Monday, March 9, 2009

Working on the Car

First thing, get your whole tool box, if you just bring a couple of tools to the job, they will be the wrong ones. If you walk back to the shed and swap those two they will be the wrong ones. Most likely, when you figure out what you need, you will remember that someone borrowed it and did not return it. Or it was left around the house near where it was used last.

Second, get a book on you make car and prop up in the recliner with something like coffee or tea to drink and read what they tell you about the part. Try the index, the the table of contents, then just read the whole thing and you may finally find your project. The owners manual may have some helpful information. Next call a friend or family member and get their version. Tell them No, you don't think it is the timing.

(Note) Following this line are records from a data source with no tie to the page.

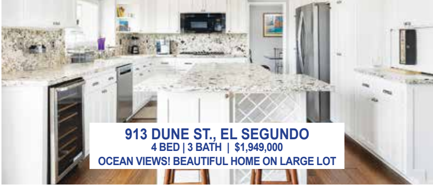
913 DUNE ST., EL SEGUNDO 4 BED | 3 BATH | $1,949,000 OCEAN VIEWS! BEAUTIFUL HOME ON LARGE LOT
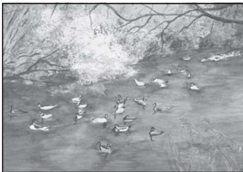
The Pond Watercolor Reva Power

Please come and invite all your friends! HOPE TO SEE YOU THERE! For Information Email: vronstadt@yahoo.com
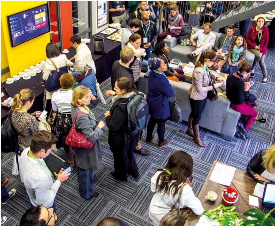
PATHWAYS TO FUNDING DO-FERENCE 2015

Third, now you are ready to open the hood or look in the general area of where the problem is located. Look at the new part and any paperwork it might have. By looking at the part you can see what it looks like. Logical. Then you can inspect the car from one end to the other until you find a part like the new one you bought. Drive to town or ask the neighbor for a tool to take the old one off and put the new one on.

Fourth, get greasy and bang your hands and elbows. Don't forget to bang your head on the hood. Now, try to get into the house to get something to wipe your hands without getting the door and sink dirty. You are ready to start removing the old part.

Fifth, have another vehicle near by so you can send someone to the parts place to swap the new part because they gave you the wrong one. Wait in the yard and try to keep your dirty hands off everything until they get back. Answer the phone, somehow, for they will call with a question. What kind of tires does the car have? What color is it? What is your social security number? Did you serve in the war?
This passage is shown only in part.